■ Assigned task
Each entry below needs to be transcribed verbatim; the images should not appear.

============

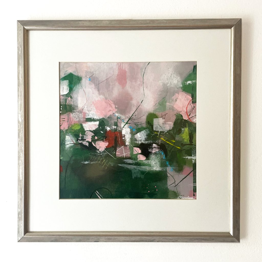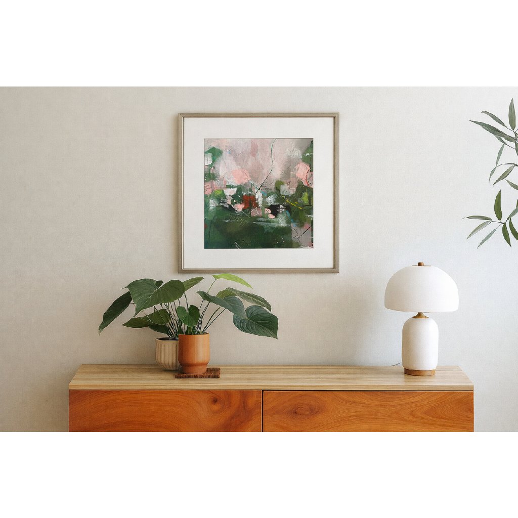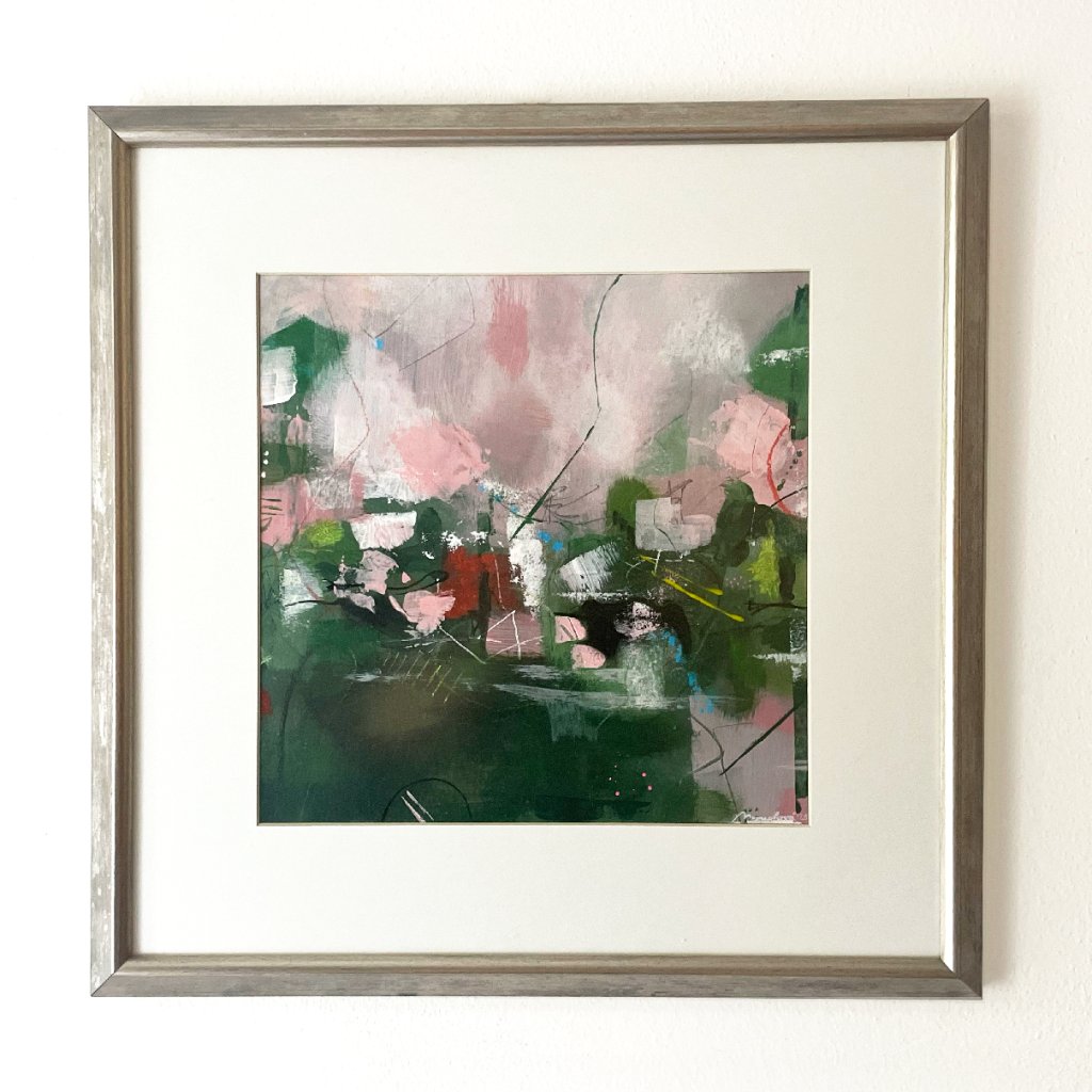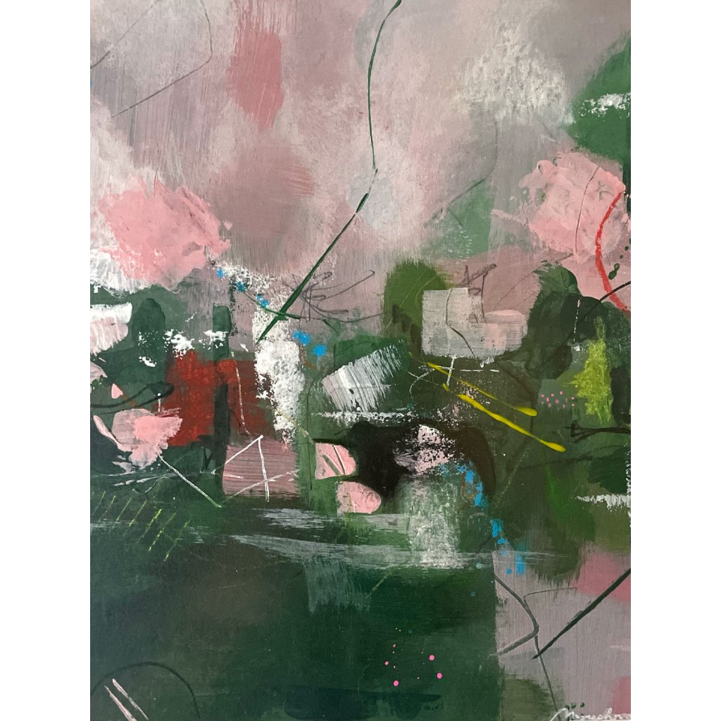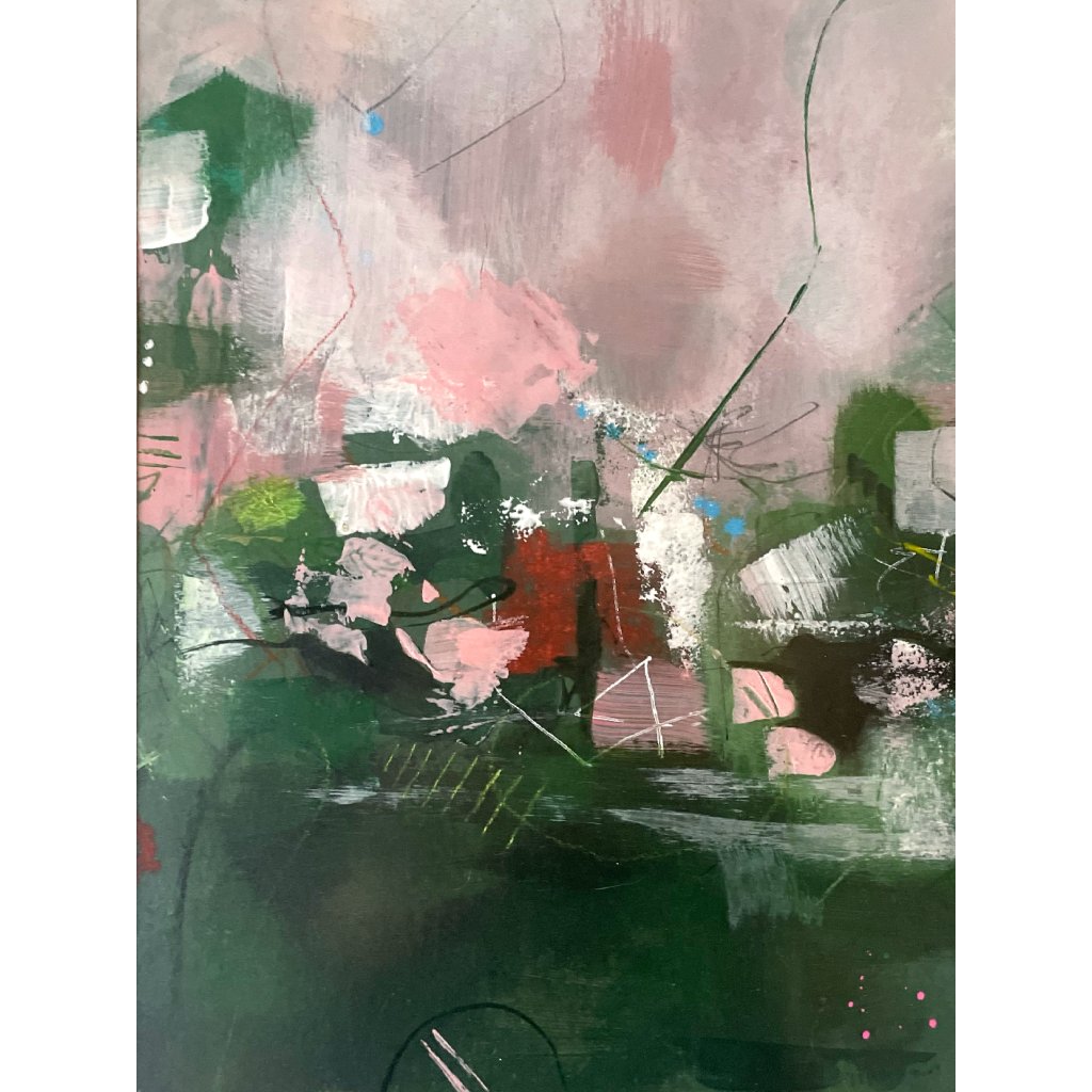 Abstraktní obraz pracuje s vyváženou kompozicí tlumených zelených tónů, doplněných jemnými růžovými, šedými a bílými plochami. Vrstvená malba kombinuje krycí i transparentní tahy, čímž vytváří pocit hloubky a prostorovosti. Kontrast mezi tmavší spodní částí a světlejším horním polem přirozeně vede divákův pohled napříč kompozicí.
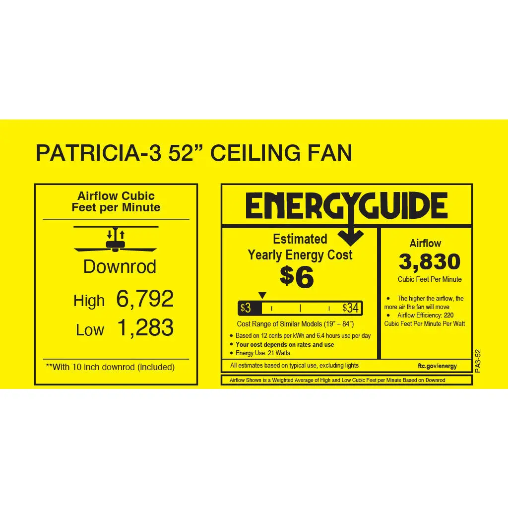 Atlas Patricia-3 52 Inch Gloss White With Matte White Blades Ceiling Fan, Atlas
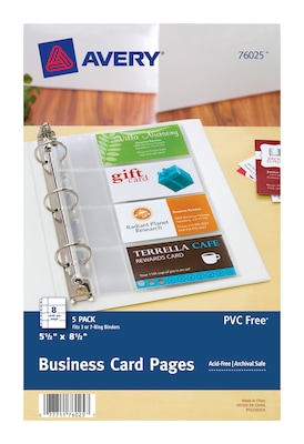 Avery Business card page is compatible for use with 3 or 7 ring 5 1/2" x 8 1/2" binder and each page can hold 8 business cards. Page is made of polypropylene material that offers better durability and can hold 2" x 3 1/2" business cards.
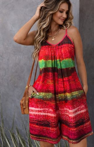 • Kadın ip askılı yuvarlak yakalı cepli desenli kısa süprem tulum
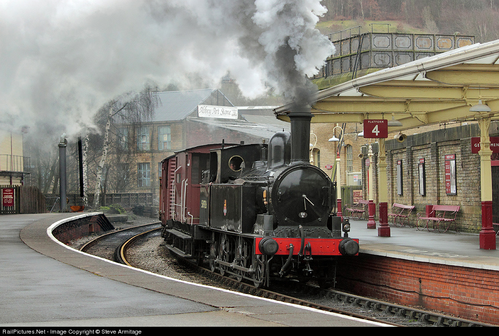 | It is quite a rare event to see any locomotive heading a freight train into the beautifully restored station at Keighley because Locomotives are normally facing the other way. It's even rarer not to get the usual throng of enthusiasts or tourists on the platform! The 1888-built L&NWR 'Coal Tank' looks a treat in its glistening BR livery as she powers through with a recreated pick-up freight |
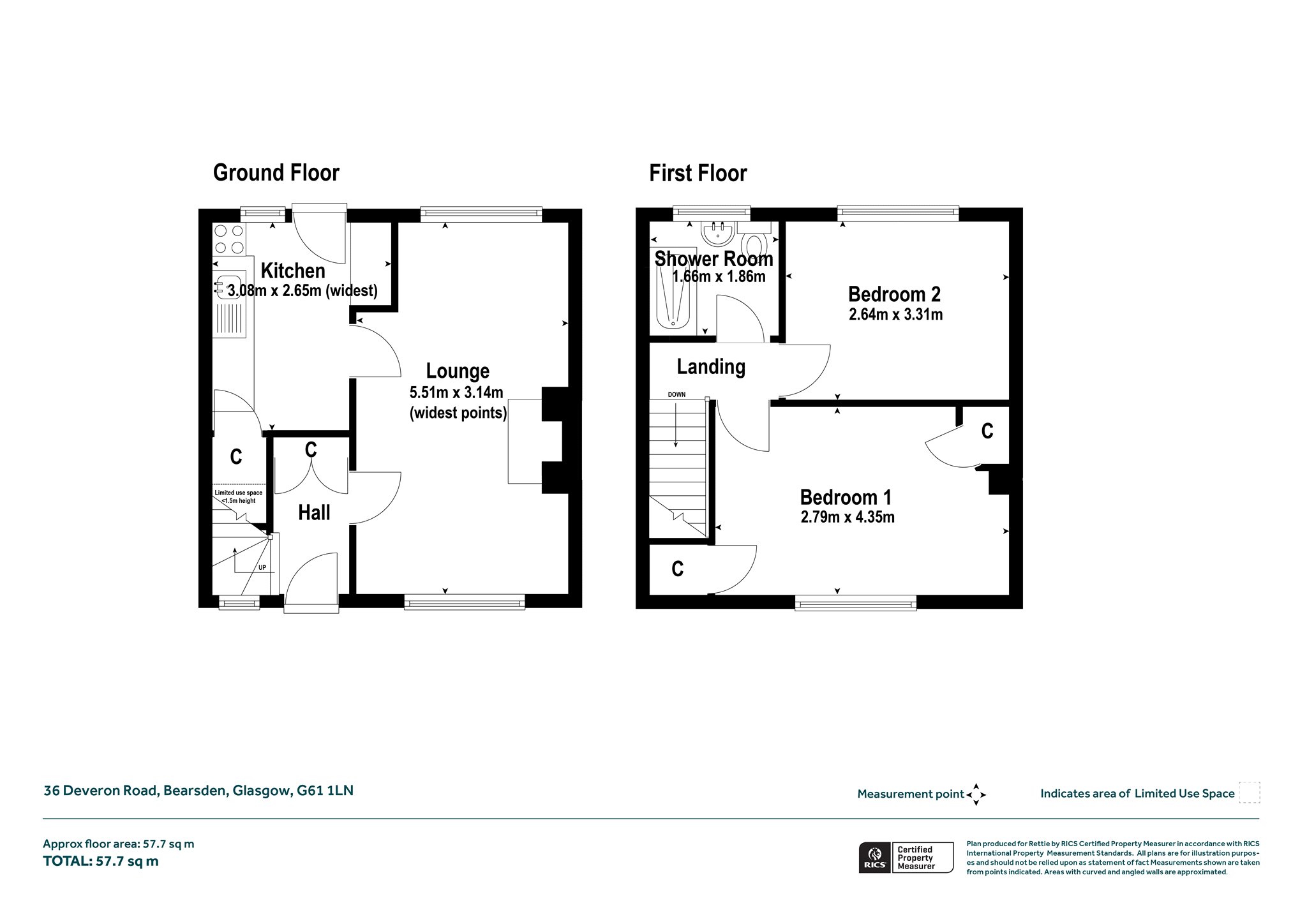 Reception hall, lounge/dining room, kitchen, shower room, two double bedrooms
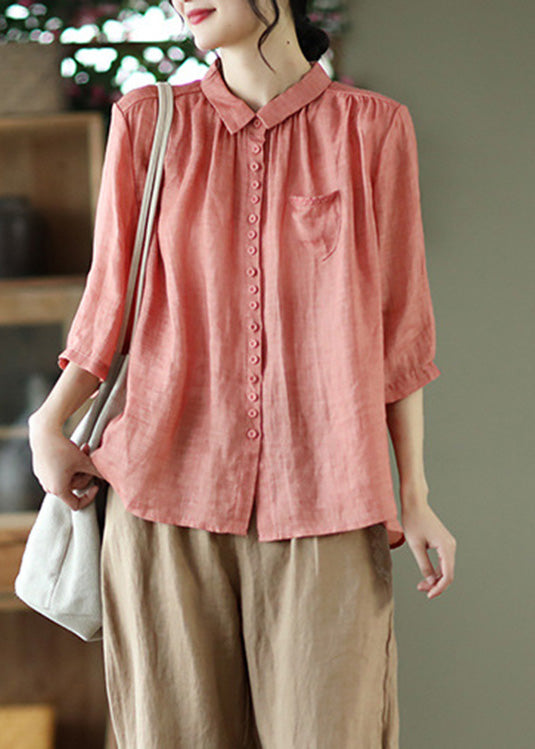 Camisa de lino con botones y cuello Peter Pan color caqui Art de verano
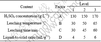 The effects of sulfuric acid concentration, leaching temperature, leaching time and liquid-to-solid ratio were investigated by orthogonal experiment. The factor level of the orthogonal experiment is shown in Table 2.
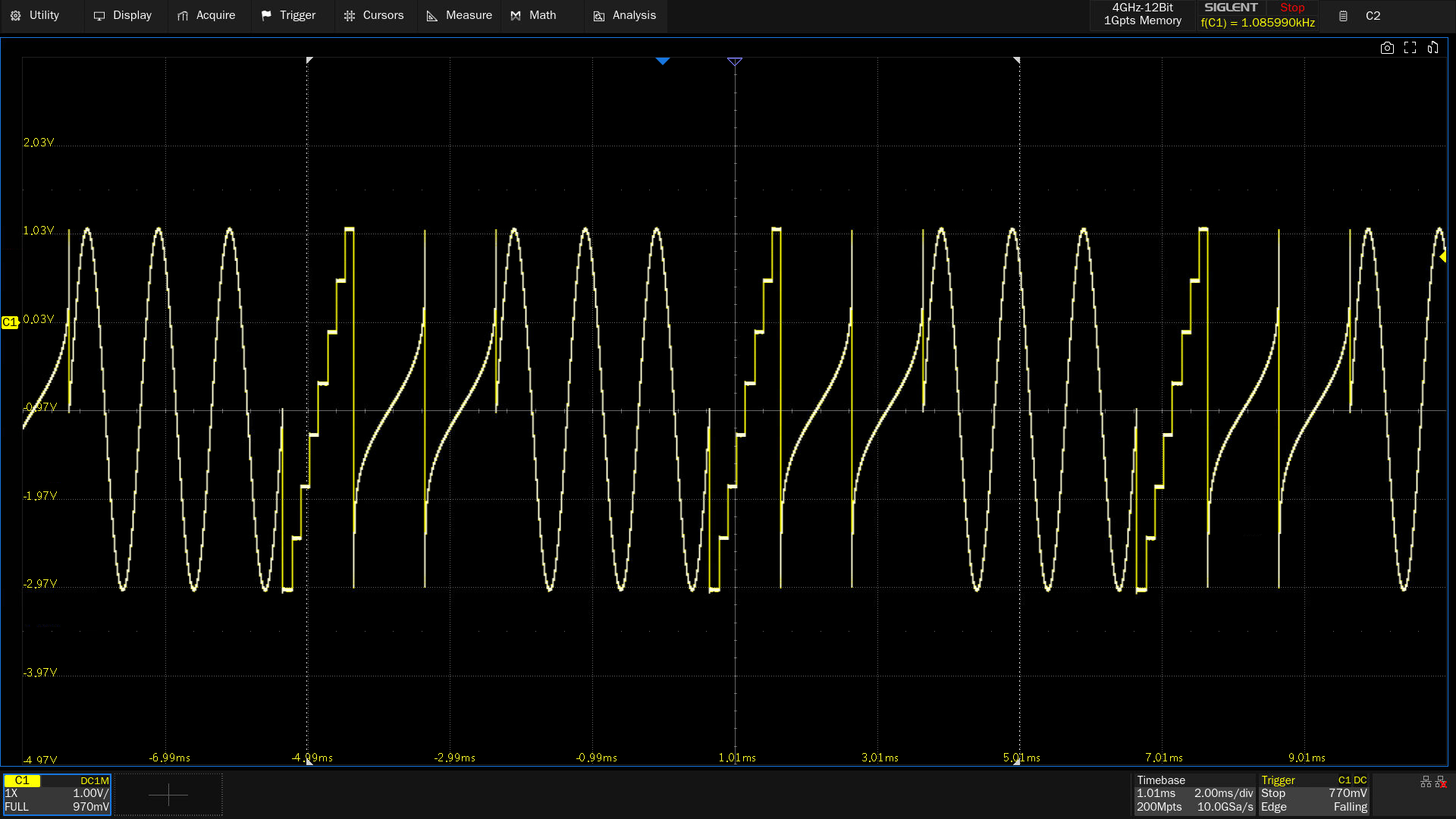 SDG1000X Plus采样率高达1GSa/s,是同类型产品的数倍。采样率是DAC在给定时间间隔内采样的样点数量,采样率越高,相同频率下的信号细节越丰富,波形质量越好。
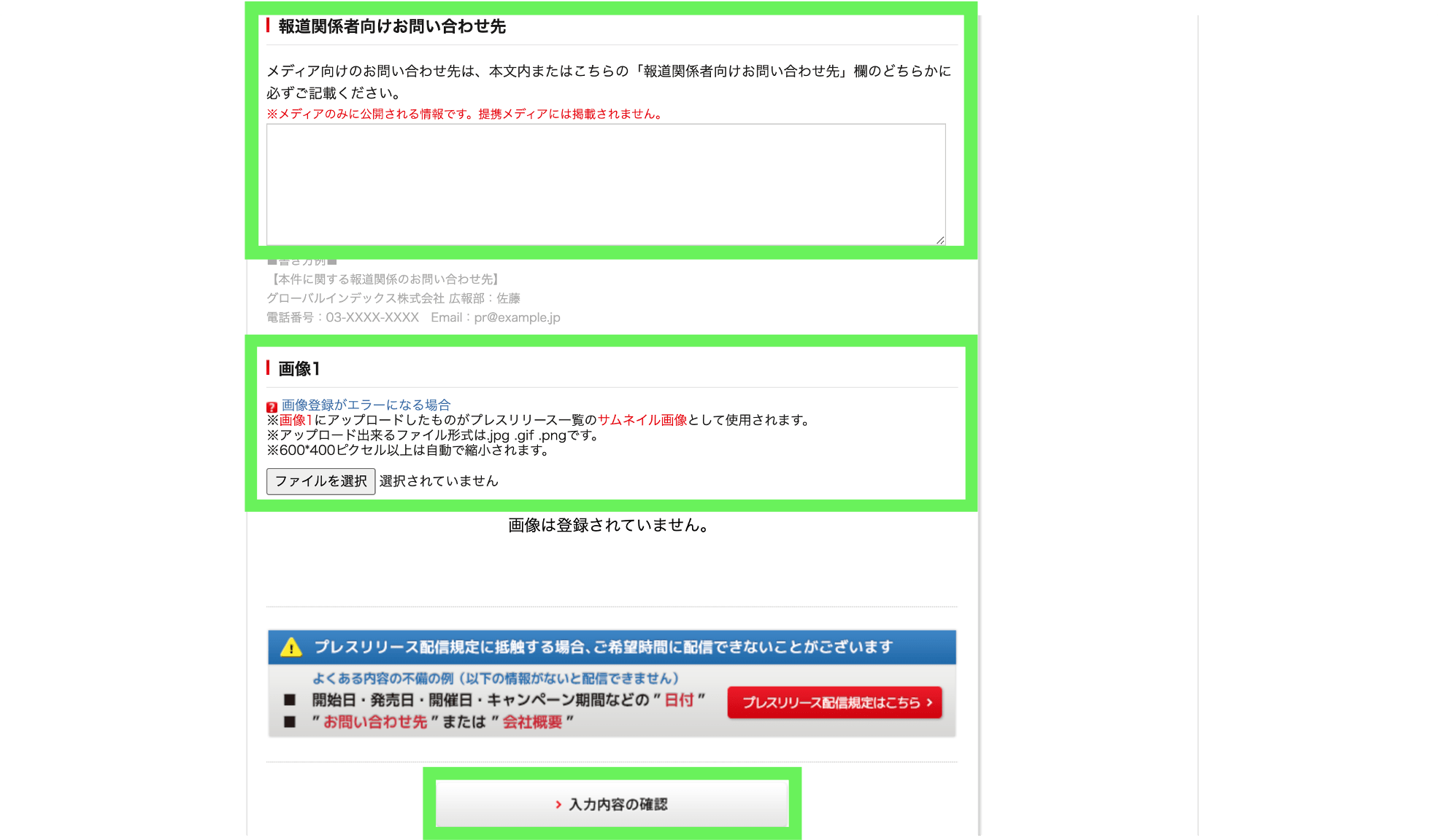 リリースを受け取ったメディア関係者にのみ問い合わせ先を知らせたい場合などは、この欄に情報を書きます。 - 画像

============

■ Answer space
 Abstraktní obraz pracuje s vyváženou kompozicí tlumených zelených tónů, doplněných jemnými růžovými, šedými a bílými plochami. Vrstvená malba kombinuje krycí i transparentní tahy, čímž vytváří pocit hloubky a prostorovosti. Kontrast mezi tmavší spodní částí a světlejším horním polem přirozeně vede divákův pohled napříč kompozicí.
 Atlas Patricia-3 52 Inch Gloss White With Matte White Blades Ceiling Fan, Atlas
 Avery Business card page is compatible for use with 3 or 7 ring 5 1/2" x 8 1/2" binder and each page can hold 8 business cards. Page is made of polypropylene material that offers better durability and can hold 2" x 3 1/2" business cards.
 • Kadın ip askılı yuvarlak yakalı cepli desenli kısa süprem tulum
 | It is quite a rare event to see any locomotive heading a freight train into the beautifully restored station at Keighley because Locomotives are normally facing the other way. It's even rarer not to get the usual throng of enthusiasts or tourists on the platform! The 1888-built L&NWR 'Coal Tank' looks a treat in its glistening BR livery as she powers through with a recreated pick-up freight |
 Reception hall, lounge/dining room, kitchen, shower room, two double bedrooms
 Camisa de lino con botones y cuello Peter Pan color caqui Art de verano
 The effects of sulfuric acid concentration, leaching temperature, leaching time and liquid-to-solid ratio were investigated by orthogonal experiment. The factor level of the orthogonal experiment is shown in Table 2.
 SDG1000X Plus采样率高达1GSa/s,是同类型产品的数倍。采样率是DAC在给定时间间隔内采样的样点数量,采样率越高,相同频率下的信号细节越丰富,波形质量越好。
 リリースを受け取ったメディア関係者にのみ問い合わせ先を知らせたい場合などは、この欄に情報を書きます。 - 画像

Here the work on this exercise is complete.